» Your assignment: Without the pictures, set down the records below word for word.

» Records for processing:
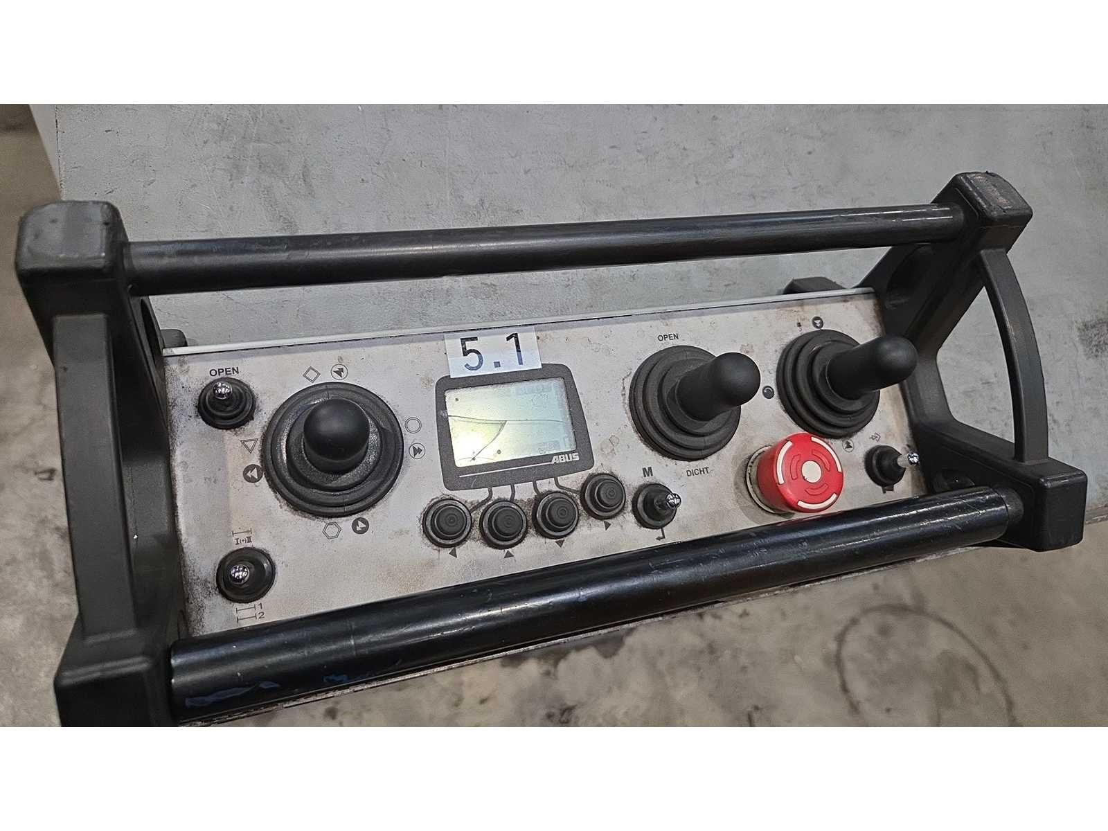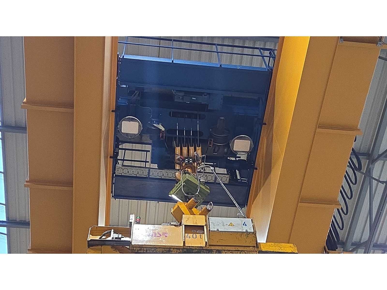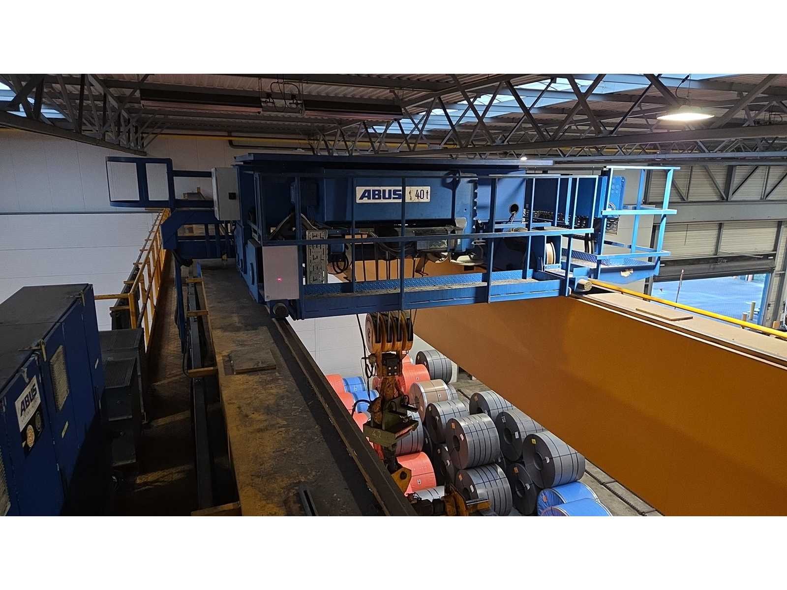 Voorzien van ramshoorn haak, frequentie regeling voor kraan rijden en hijsen/zakken, Abus joystick bediening, kraanboek en complete geschiedenis aanwezig, Let op: coil volg systeem + hijsmaterialen/klemmen + stroomafnemer niet inbegrepen, kavel betreft kraan 2 in hal 4 Merk: Abus/Lemmens Type: 40.000 KG x 28,80 m Bouwjaar: 2007 Hijsvermogen: 40000kg Max. hijshoogte: 15m Dubbelligger: true Draadloze afstandsbediening: true Met kraanboek: true Eigen gewicht: 38500kg
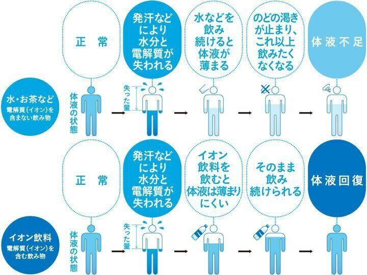 カラダには体液の濃さを保とうとする働きがあります。体液には電解質が含まれているため、汗をたくさんかいたときなどに電解質を含まない水やお茶で水分補給を続けると、図のようなことがおこり、体液量が十分に戻らないこともあります。発汗時は水分だけではなく電解質が失われないよう、電解質を含む飲料でカラダの水分量をキープしておくとよいでしょう。
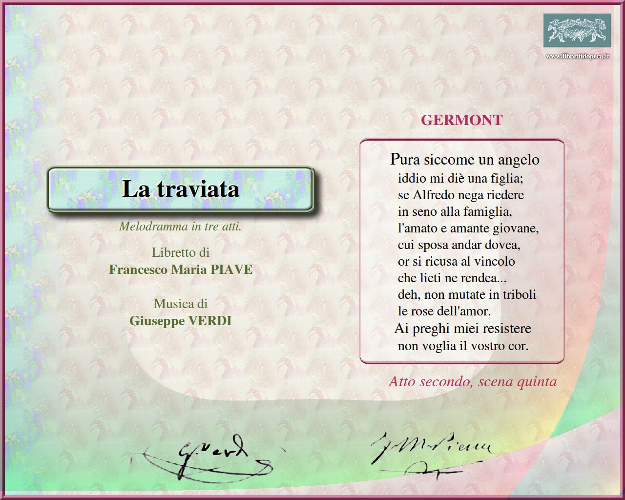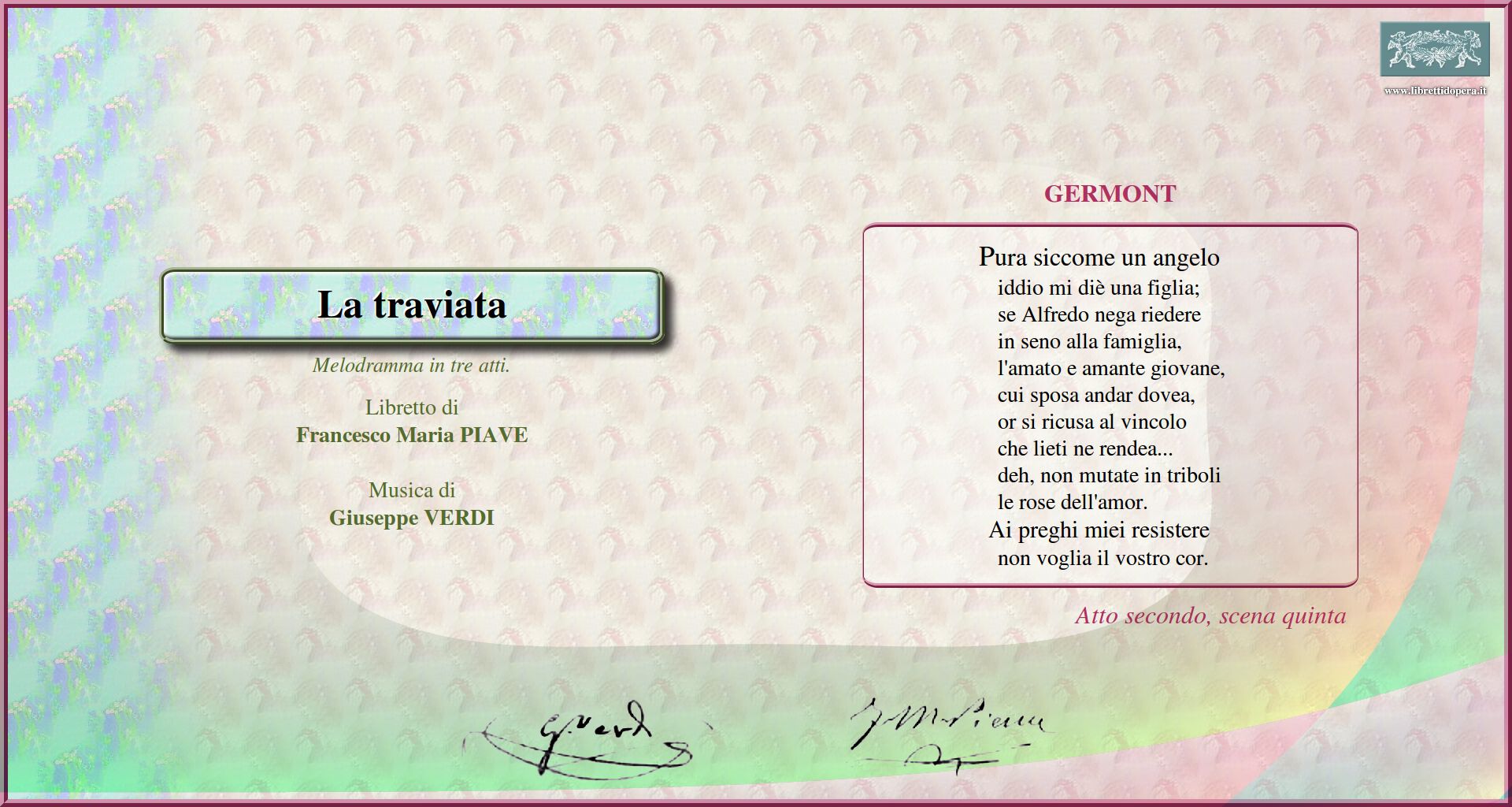 vai a posizione nel testo del libretto
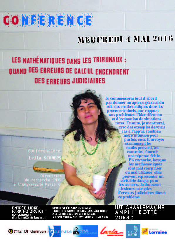 En revanche, lorsque les mathématiques sont mal comprises ou mal utilisées, elles peuvent représenter un véritable danger pour les accusés. Je donnerai plusieurs exemples d'erreurs judiciaires dûes à ce problème."
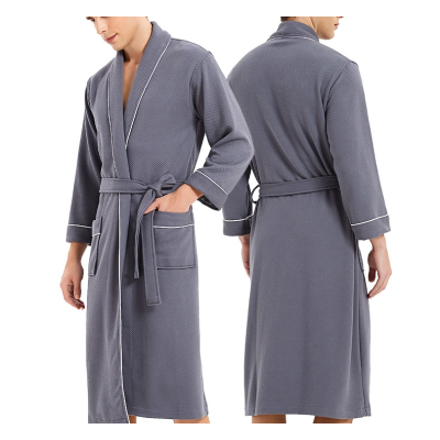 Custom Logo Linen Hotel Embroidered quilted Linen Bathrobe Ladies Hotel White Luxury unisex Waffle Cotton bathrobe
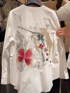 ソリッドカラーのヘビービーズシャツ女性のための 2025 春韓国スタイルの新しいラウンドネック長袖トップルーズショルダーシャツトレンディ

» Reply:
 Voorzien van ramshoorn haak, frequentie regeling voor kraan rijden en hijsen/zakken, Abus joystick bediening, kraanboek en complete geschiedenis aanwezig, Let op: coil volg systeem + hijsmaterialen/klemmen + stroomafnemer niet inbegrepen, kavel betreft kraan 2 in hal 4 Merk: Abus/Lemmens Type: 40.000 KG x 28,80 m Bouwjaar: 2007 Hijsvermogen: 40000kg Max. hijshoogte: 15m Dubbelligger: true Draadloze afstandsbediening: true Met kraanboek: true Eigen gewicht: 38500kg
 カラダには体液の濃さを保とうとする働きがあります。体液には電解質が含まれているため、汗をたくさんかいたときなどに電解質を含まない水やお茶で水分補給を続けると、図のようなことがおこり、体液量が十分に戻らないこともあります。発汗時は水分だけではなく電解質が失われないよう、電解質を含む飲料でカラダの水分量をキープしておくとよいでしょう。
 vai a posizione nel testo del libretto
 En revanche, lorsque les mathématiques sont mal comprises ou mal utilisées, elles peuvent représenter un véritable danger pour les accusés. Je donnerai plusieurs exemples d'erreurs judiciaires dûes à ce problème."
 Custom Logo Linen Hotel Embroidered quilted Linen Bathrobe Ladies Hotel White Luxury unisex Waffle Cotton bathrobe
 ソリッドカラーのヘビービーズシャツ女性のための 2025 春韓国スタイルの新しいラウンドネック長袖トップルーズショルダーシャツトレンディ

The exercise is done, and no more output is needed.